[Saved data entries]
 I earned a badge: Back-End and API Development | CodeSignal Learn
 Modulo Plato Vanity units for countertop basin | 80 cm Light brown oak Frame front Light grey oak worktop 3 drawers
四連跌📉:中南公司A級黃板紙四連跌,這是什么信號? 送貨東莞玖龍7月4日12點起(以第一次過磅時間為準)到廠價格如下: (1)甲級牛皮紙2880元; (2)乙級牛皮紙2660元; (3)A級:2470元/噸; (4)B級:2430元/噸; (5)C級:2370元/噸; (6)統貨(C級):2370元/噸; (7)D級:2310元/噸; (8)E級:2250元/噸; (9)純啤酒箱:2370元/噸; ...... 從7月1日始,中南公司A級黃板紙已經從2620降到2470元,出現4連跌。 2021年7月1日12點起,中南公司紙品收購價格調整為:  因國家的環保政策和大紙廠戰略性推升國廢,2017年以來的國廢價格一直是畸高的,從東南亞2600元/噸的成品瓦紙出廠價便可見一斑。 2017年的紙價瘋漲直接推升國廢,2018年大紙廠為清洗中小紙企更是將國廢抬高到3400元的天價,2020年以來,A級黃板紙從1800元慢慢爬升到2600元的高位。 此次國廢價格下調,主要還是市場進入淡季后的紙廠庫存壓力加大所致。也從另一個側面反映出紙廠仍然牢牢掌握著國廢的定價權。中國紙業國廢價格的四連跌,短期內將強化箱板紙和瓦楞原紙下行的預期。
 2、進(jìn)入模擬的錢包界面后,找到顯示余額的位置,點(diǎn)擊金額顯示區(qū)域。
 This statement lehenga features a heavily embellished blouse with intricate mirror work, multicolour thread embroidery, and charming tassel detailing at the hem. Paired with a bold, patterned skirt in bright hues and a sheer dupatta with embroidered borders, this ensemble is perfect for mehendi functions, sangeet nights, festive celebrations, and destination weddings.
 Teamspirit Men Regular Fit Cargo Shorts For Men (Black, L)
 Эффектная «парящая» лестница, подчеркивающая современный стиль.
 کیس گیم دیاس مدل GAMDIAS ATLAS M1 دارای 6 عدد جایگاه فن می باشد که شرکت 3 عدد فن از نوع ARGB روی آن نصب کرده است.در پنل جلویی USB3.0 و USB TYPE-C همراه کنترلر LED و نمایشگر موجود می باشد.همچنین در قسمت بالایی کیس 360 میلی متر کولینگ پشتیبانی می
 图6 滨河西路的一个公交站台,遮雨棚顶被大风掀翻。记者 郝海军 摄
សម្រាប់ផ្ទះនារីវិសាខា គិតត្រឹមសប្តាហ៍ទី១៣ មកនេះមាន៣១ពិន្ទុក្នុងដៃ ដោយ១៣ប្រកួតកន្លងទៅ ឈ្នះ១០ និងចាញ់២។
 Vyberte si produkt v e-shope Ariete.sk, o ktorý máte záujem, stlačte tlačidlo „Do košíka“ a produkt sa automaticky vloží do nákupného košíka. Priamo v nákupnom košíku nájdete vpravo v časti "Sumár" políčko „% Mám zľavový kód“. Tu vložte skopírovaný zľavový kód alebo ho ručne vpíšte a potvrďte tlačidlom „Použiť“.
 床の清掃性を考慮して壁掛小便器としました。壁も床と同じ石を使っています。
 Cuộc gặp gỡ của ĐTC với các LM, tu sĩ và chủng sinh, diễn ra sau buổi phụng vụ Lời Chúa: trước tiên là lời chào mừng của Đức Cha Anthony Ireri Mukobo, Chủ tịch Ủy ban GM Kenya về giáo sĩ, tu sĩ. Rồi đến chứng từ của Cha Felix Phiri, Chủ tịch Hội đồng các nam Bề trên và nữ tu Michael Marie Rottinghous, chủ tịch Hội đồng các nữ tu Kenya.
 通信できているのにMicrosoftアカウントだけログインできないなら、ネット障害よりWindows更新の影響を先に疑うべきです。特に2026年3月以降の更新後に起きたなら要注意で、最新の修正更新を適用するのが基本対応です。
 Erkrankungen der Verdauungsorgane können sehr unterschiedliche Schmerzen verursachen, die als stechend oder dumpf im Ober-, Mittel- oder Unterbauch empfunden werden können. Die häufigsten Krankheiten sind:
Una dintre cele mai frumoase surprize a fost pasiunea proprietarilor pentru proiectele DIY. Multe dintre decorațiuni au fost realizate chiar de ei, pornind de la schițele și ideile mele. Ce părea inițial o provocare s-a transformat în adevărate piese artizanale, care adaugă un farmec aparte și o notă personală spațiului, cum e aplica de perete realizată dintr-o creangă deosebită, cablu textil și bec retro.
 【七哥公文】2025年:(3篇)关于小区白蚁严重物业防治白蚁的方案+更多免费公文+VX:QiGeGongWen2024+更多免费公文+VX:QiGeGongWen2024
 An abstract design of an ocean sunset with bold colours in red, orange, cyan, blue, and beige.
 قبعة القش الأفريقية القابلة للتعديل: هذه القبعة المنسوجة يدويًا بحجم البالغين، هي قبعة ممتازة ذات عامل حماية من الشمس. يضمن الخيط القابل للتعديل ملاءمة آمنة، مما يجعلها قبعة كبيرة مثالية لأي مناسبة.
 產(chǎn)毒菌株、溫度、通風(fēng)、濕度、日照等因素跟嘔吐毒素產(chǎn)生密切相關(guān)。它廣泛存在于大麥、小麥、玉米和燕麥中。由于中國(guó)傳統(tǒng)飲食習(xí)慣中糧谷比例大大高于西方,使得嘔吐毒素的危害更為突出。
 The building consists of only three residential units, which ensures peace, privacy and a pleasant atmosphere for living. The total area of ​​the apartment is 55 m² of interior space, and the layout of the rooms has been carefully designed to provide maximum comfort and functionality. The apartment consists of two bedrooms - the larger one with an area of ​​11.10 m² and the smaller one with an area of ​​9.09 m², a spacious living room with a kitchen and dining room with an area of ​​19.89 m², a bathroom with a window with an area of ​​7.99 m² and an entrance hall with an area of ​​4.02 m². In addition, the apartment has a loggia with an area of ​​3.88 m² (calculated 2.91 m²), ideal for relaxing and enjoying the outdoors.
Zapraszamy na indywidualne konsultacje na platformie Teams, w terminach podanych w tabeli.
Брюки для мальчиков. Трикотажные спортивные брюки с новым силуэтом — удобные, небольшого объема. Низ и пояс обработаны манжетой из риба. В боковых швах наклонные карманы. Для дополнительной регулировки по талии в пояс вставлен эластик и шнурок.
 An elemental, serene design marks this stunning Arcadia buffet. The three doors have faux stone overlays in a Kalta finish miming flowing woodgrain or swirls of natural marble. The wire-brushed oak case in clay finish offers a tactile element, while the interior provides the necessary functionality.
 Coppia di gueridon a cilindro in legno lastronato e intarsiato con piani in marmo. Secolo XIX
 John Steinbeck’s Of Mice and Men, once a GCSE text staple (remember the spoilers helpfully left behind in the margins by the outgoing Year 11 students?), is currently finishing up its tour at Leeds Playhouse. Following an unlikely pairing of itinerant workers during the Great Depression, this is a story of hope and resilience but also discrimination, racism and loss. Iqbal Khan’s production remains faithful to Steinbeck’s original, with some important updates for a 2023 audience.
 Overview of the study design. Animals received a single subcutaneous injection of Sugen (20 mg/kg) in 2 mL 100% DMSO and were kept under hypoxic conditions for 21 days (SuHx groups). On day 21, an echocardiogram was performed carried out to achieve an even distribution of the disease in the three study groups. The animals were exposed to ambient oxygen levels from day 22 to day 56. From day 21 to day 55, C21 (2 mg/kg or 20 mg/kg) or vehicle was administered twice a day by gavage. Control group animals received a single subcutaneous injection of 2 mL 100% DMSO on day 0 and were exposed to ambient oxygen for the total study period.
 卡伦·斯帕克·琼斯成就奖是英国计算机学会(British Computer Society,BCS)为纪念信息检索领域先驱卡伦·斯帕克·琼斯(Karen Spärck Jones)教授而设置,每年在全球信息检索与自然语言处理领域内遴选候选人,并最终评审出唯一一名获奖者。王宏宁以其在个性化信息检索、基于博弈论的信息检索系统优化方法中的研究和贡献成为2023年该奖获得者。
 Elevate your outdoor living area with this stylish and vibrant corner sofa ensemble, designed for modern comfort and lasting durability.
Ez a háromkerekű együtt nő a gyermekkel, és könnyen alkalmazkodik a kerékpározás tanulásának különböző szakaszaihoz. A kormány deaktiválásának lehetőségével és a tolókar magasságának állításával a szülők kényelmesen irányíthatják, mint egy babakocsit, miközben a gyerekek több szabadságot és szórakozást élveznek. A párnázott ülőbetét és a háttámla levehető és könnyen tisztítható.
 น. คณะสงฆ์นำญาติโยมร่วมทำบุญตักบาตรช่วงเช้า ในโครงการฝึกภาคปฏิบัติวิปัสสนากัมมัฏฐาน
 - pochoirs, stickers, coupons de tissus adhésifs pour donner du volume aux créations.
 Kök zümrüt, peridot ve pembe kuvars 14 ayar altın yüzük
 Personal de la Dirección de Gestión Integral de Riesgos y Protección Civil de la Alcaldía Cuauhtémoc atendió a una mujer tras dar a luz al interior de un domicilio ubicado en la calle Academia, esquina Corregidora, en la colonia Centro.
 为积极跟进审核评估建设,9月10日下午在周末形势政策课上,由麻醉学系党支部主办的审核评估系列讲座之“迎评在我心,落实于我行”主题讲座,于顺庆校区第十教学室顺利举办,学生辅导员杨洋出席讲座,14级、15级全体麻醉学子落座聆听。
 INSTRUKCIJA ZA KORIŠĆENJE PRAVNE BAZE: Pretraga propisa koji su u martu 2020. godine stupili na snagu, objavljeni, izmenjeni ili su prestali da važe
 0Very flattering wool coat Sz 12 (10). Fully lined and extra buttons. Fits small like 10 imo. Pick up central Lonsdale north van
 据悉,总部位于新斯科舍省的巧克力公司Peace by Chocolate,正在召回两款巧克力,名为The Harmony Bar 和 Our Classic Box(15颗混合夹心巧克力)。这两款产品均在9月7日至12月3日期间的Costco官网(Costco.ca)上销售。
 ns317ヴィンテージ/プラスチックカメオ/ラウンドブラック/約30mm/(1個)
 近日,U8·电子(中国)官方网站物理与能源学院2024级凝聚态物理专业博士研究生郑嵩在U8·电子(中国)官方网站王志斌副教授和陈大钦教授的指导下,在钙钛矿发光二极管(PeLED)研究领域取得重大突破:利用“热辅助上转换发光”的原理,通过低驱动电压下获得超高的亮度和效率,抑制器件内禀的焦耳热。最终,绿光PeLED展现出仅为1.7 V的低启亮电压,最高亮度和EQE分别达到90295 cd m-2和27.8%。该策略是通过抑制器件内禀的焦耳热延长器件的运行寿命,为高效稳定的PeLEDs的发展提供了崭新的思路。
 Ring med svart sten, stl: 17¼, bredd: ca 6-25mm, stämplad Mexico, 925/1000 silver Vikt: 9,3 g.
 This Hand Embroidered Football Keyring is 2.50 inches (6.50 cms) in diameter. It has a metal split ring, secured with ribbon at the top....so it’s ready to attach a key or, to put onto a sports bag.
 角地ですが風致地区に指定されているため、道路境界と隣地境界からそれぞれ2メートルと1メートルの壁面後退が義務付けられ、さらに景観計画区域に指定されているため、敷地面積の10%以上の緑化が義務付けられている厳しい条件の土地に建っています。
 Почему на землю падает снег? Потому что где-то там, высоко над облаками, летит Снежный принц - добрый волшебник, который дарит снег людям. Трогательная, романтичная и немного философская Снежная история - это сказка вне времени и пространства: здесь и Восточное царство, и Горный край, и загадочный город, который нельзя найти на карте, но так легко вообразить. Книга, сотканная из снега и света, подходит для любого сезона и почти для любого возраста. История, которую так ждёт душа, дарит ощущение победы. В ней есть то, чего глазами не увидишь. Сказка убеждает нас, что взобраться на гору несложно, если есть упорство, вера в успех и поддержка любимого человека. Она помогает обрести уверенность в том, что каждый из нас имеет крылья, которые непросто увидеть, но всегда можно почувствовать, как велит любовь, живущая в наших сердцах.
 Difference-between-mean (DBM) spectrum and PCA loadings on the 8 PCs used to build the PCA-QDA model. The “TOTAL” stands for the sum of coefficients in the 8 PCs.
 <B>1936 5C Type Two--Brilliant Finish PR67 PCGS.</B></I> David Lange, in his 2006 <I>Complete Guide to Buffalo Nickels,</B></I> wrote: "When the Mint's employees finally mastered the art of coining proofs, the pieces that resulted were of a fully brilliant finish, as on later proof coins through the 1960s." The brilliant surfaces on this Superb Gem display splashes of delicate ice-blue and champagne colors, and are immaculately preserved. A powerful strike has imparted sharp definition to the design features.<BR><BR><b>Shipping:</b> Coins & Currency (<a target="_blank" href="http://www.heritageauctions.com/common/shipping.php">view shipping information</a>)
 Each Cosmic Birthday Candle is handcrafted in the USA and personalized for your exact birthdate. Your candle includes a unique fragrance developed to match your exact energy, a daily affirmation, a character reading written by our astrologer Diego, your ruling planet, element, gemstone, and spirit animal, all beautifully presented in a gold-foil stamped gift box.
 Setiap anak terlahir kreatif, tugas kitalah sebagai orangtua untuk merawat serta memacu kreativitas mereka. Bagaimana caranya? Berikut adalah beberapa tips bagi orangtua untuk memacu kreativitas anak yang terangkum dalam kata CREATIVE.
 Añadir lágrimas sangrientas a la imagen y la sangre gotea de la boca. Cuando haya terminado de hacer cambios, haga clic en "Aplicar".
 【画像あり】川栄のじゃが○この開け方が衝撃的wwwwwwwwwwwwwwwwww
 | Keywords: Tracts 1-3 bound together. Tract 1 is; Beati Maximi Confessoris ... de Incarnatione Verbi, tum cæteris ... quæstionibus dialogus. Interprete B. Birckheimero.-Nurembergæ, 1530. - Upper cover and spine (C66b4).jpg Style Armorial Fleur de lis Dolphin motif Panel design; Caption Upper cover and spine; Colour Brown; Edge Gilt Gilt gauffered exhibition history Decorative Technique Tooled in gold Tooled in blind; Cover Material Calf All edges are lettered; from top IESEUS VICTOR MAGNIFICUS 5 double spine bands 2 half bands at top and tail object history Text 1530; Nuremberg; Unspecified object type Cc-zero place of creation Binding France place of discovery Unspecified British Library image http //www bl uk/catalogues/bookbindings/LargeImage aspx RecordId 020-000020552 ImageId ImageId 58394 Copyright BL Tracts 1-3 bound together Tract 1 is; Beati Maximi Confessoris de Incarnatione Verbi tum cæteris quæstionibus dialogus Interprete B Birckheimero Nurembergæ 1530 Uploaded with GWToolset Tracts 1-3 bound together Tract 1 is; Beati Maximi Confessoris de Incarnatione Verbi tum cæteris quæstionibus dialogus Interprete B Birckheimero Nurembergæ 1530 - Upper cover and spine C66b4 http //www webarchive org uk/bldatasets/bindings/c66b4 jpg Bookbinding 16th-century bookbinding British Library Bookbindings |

* **WHAT IS BEING ASKED**:
The lines above starting at the one that contains "John Steinbeck’s Of" and ending at the one that contains "Kök zümrüt, peridot" must be transcribed exactly, and no other lines may appear.

* **TASK SOLUTION**:
 John Steinbeck’s Of Mice and Men, once a GCSE text staple (remember the spoilers helpfully left behind in the margins by the outgoing Year 11 students?), is currently finishing up its tour at Leeds Playhouse. Following an unlikely pairing of itinerant workers during the Great Depression, this is a story of hope and resilience but also discrimination, racism and loss. Iqbal Khan’s production remains faithful to Steinbeck’s original, with some important updates for a 2023 audience.
 Overview of the study design. Animals received a single subcutaneous injection of Sugen (20 mg/kg) in 2 mL 100% DMSO and were kept under hypoxic conditions for 21 days (SuHx groups). On day 21, an echocardiogram was performed carried out to achieve an even distribution of the disease in the three study groups. The animals were exposed to ambient oxygen levels from day 22 to day 56. From day 21 to day 55, C21 (2 mg/kg or 20 mg/kg) or vehicle was administered twice a day by gavage. Control group animals received a single subcutaneous injection of 2 mL 100% DMSO on day 0 and were exposed to ambient oxygen for the total study period.
 卡伦·斯帕克·琼斯成就奖是英国计算机学会(British Computer Society,BCS)为纪念信息检索领域先驱卡伦·斯帕克·琼斯(Karen Spärck Jones)教授而设置,每年在全球信息检索与自然语言处理领域内遴选候选人,并最终评审出唯一一名获奖者。王宏宁以其在个性化信息检索、基于博弈论的信息检索系统优化方法中的研究和贡献成为2023年该奖获得者。
 Elevate your outdoor living area with this stylish and vibrant corner sofa ensemble, designed for modern comfort and lasting durability.
Ez a háromkerekű együtt nő a gyermekkel, és könnyen alkalmazkodik a kerékpározás tanulásának különböző szakaszaihoz. A kormány deaktiválásának lehetőségével és a tolókar magasságának állításával a szülők kényelmesen irányíthatják, mint egy babakocsit, miközben a gyerekek több szabadságot és szórakozást élveznek. A párnázott ülőbetét és a háttámla levehető és könnyen tisztítható.
 น. คณะสงฆ์นำญาติโยมร่วมทำบุญตักบาตรช่วงเช้า ในโครงการฝึกภาคปฏิบัติวิปัสสนากัมมัฏฐาน
 - pochoirs, stickers, coupons de tissus adhésifs pour donner du volume aux créations.
 Kök zümrüt, peridot ve pembe kuvars 14 ayar altın yüzük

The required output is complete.